Many (librarians) who a few years ago predicted the death of the library profession are now retracting and saying the world at large must realise the importance of indexing data intellectually rather than automatically. The question is do you have a librarian indexing in place of or perhaps rather in addition to an automated indexer, or do you have a librarian helping the end user who wishes to make his search more effective? The latter is going back to the idea of the intermediary, so beloved of information scientists in the 1970s. Today users, people at large, want, indeed demand to do their own searching, so the intellectual precision has to be at the index generation end rather than with the end user himself or herself.

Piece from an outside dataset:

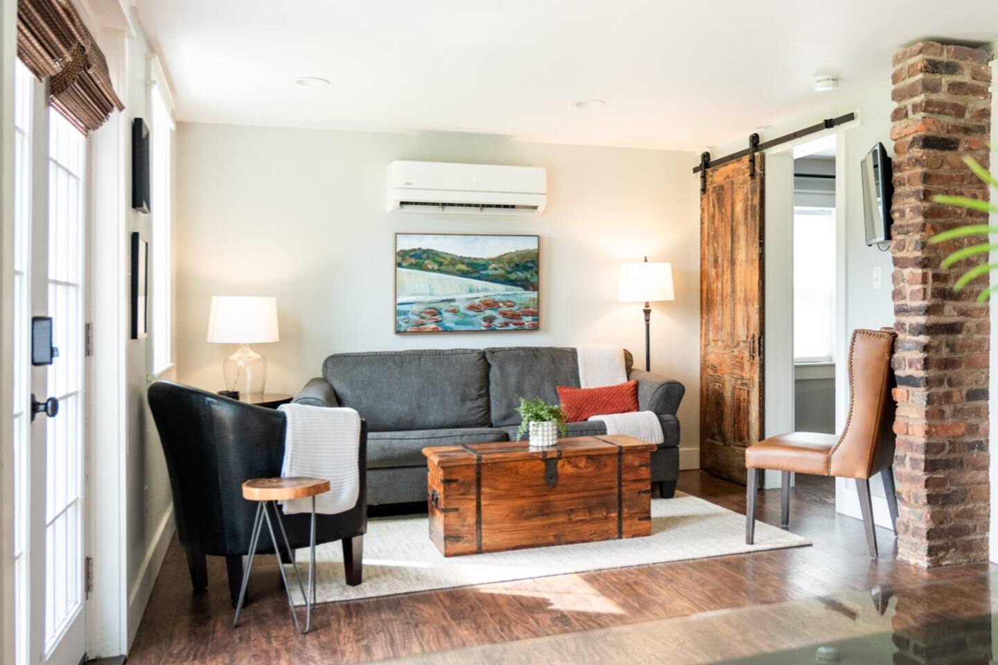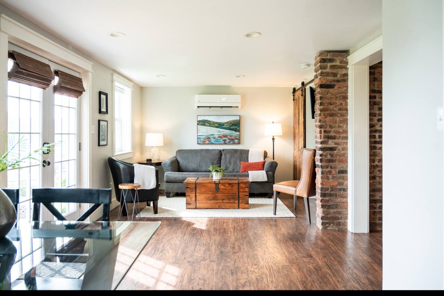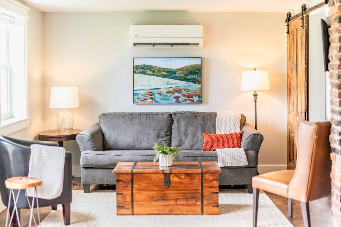 To save our listing, click the heart in the top right corner. The home is located in historic Daniel's Hill and boasts some of the most beautiful views of the James River downtown has to offer. Also situated on the river is a historic iron pipe factory and a railroad. It is fascinating to watch trains go by on occasion and watch the workings of a 24-hour factory below the property, but please note there is a risk for noise. Our family lives upstairs in the main house (heck, our teenage children can be a risk for noise on occasion haha), but we are not bothered by it. We realize it may not be for everyone and some nights just work out to be louder than others. We have insulated the home with a noise-reducing insulation and we provide a white noise sound machine in the bedroom should guests feel they need it. Exterior Camera: We have one security camera on the house pointed at our driveway for your safety. It records per motion-activation & operates 24/7. We can access it via our app. There are NO cameras inside the home.

What is required is for every web page to include some intellectually devised terms so that the computers that generate indexes can pick these up. Additionally they could include author and title information. Basically the information world needs to produce catalogues of web resources in the same way that cataloguers produce catalogues of books. How do cataloguers produce catalogues of books? They use the title-page, a 'device' which has been developed over centuries to represent the definitive aspects of bibliographic material. As soon as we leave the realm of the book and go into other materials, the cataloguers amongst us look for the title page (or title page substitute). Where is the title page of a kit, a film, a gramophone record? Their title pages are often in other media, for example the record label, though in the case of a film, the 'title-page' could be the label or it could be at the start or end of the film itself.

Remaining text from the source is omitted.